The crypto world has experienced a significant fall in prices of cryptocurrencies across the board. This began in the early hours of Tuesday, January 16 and continued for the most part of the week with a few rebounds here and there. This fall in price saw Bitcoin drop in price by about 15% in the initial stages, make a rebound and fall even further, while some altcoins have shed about 90% of their original value in price before the swoon.
This is not the first time that cryptocurrencies are responding in such a manner especially after some resistive measures by governments. This time around, the popular narrative is that this market behaviour is as a result of the most recent regulatory pressure from China and South Korea.
In the first quarter of 2017, an announcement by the People’s Bank of China (PBoC) indicating plans to regulate the cryptocurrency operations within China gave rise to a similar situation. However, that fall in price was short-lived as Bitcoin especially recovered fully and even set new price records in just a few days. This same pattern was repeated a couple of times throughout 2017, especially as a couple of countries in the Asian continent came out with various announcements on actions or intentions towards the cryptocurrency ecosystem.
The impact that these Asian nations are having on the crypto industry is related to the high level of participation that the industry receives from that region.
The CEO of Netcoins, Michael Vogel tells CCN that this is borne out of the fact that these Asian countries have been among the earliest adopters of cryptocurrency, and this is often why negative news in Asia (or perceived negative news) can cause panic selling in other parts of the world.
“We’ve seen this many times, however, it is important to remember the irony though; Bitcoin hit all-time high price months after China first proclaimed its reluctance to embrace Bitcoin”, says Vogel.
Vogels elaborates that this recent drop in price is indicative of a long term trend. He notes that it is just a reminder that cryptocurrency is volatile and it is typical of long term traders to jump at the opportunity to make discount buy-orders.
The President of Blockchain TV, Jason Cassidy explains that as the collective market cap for cryptocurrencies grows it is only natural to see pull backs such as experienced recently. He notes that regardless of what is driving the market down that such market behaviour is healthy to have ‘breathers’ in between adding hundreds of billions of dollars to the market capitalization in rapid succession.

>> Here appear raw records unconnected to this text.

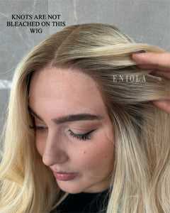 LACE DISCLAIMER: PLEASE NOTE ALL OUR WIGS ARE CRAFTED WITH FULLY BLEACHED KNOTS FOR THE MOST NATURAL LOOK. THIS PROCESS MAKES THE LACE MORE DELICATE THAN STANDARD WIGS. TO MAINTAIN LONGEVITY, PLEASE HANDLE WITH GENTLE CARE, AVOID PRODUCT ON THE LACE, AND SWITCH UP YOUR PART REGULARLY TO PREVENT SHEDDING IN ONE AREA.
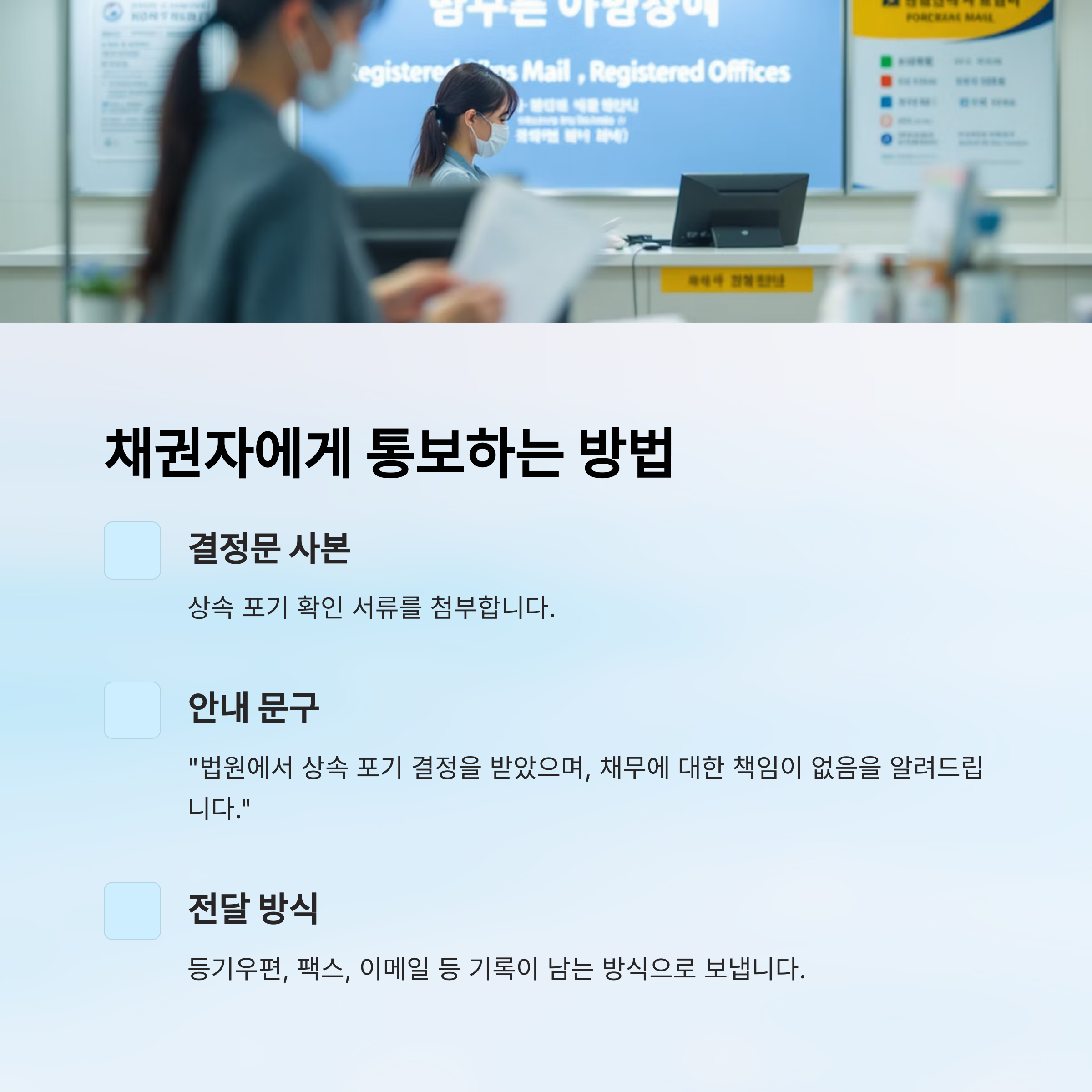 채권자에게는 ‘상속 포기 결정문 사본’과 간단한 안내 문구를 첨부해서 발송하면 돼요. 이메일, 등기우편, 팩스 등 다양한 방식이 있지만, ‘기록이 남는 방식’이 가장 좋아요. 우편이나 내용증명으로 보내면 추후 분쟁 방지에 효과적이에요.
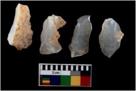 | Description / विवरण | There are n 4 utilized flake cores. There are multi directional irregular scar pattern on them. All of them are tapering at one end. |
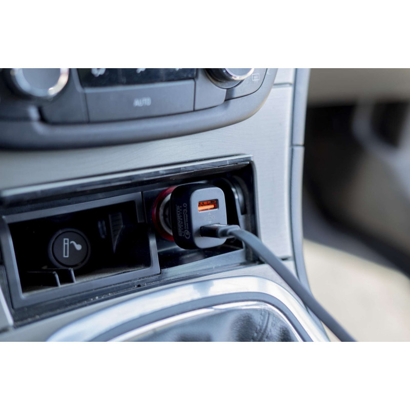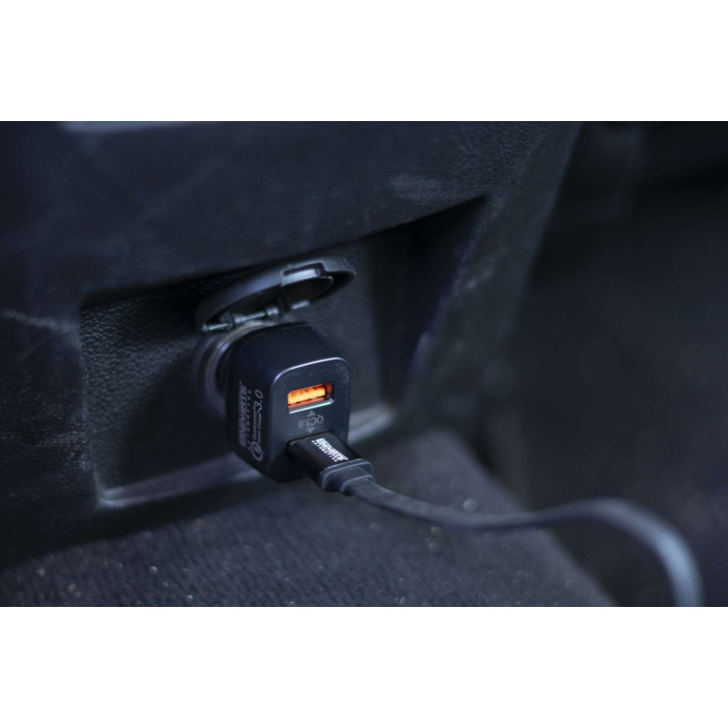 The EinParts Automotive charger is refined in every detail. USB ports are illuminated subtle blue light, so you can easily connect your phone to the charger without the light distracting the driver while driving. The charger is compact and lightweight - the weight is only 30g and dimensions are 63x38x28mm. The QUICK CHARGE fast charging function is the most commonly used fast charging technology in new smartphones. It increases the charging speed of the device even several times. The speed is so high that After 35 minutes of charging, we can get up to 80% battery charge. Technology QUICK CHARGE 3.0 The technology used in our charger adjusts the charging voltage (3.6-12V) to ensure optimal charging and optimal protection for the device's battery. The EinParts Automotive charger features two inputs with QUICK CHARGE 3.0 technology, allowing you to charge two devices simultaneously without loss or voltage drops. This feature is backward compatible, so the EinParts Automotive charger can easily charge devices with or without older versions of this technology. Technical data:

On the impact that Asia is having on cryptocurrencies, Cassidy says:
“Currently a large amount of global trading volume takes place in the East, so China has and will continue to have an impact on the markets. As always, the top currencies will recover the fastest and live to see another day. You will notice market swings like this can also be the catalyst for the end of life cycle for low-value coins or outright scams. Bitconnect is a recent example of this. “Expect to see more malinvestment cleared out of the industry as the overall IQ of the space matures.”
Nascent projects within the crypto space, especially those with base in Asia are being affected by this development. It takes significant robustness and genuine expertise for emerging projects to survive seasons like this where authorities make ambiguous regulatory statements, leaving the community with a lot of uncertainties.
Situations like this are necessary to separate actual developmental products from ‘paper-based’ arrangements that give the industry a bad name. However, relevant authorities need to come up with clear terms and to do so quickly in order to avoid the market uncertainty that is responsible for the panic within the ecosystem.
Repeated events have shown how significant the Asian community is to the blockchain industry. Having led the way in the early adoption of the technology, and natural factors such as population, which by extension influences the market size have placed the region in a prominent position within the industry. For how long this will continue remains to be known, but the power of Asia in the current crypto industry can no longer be taken for granted.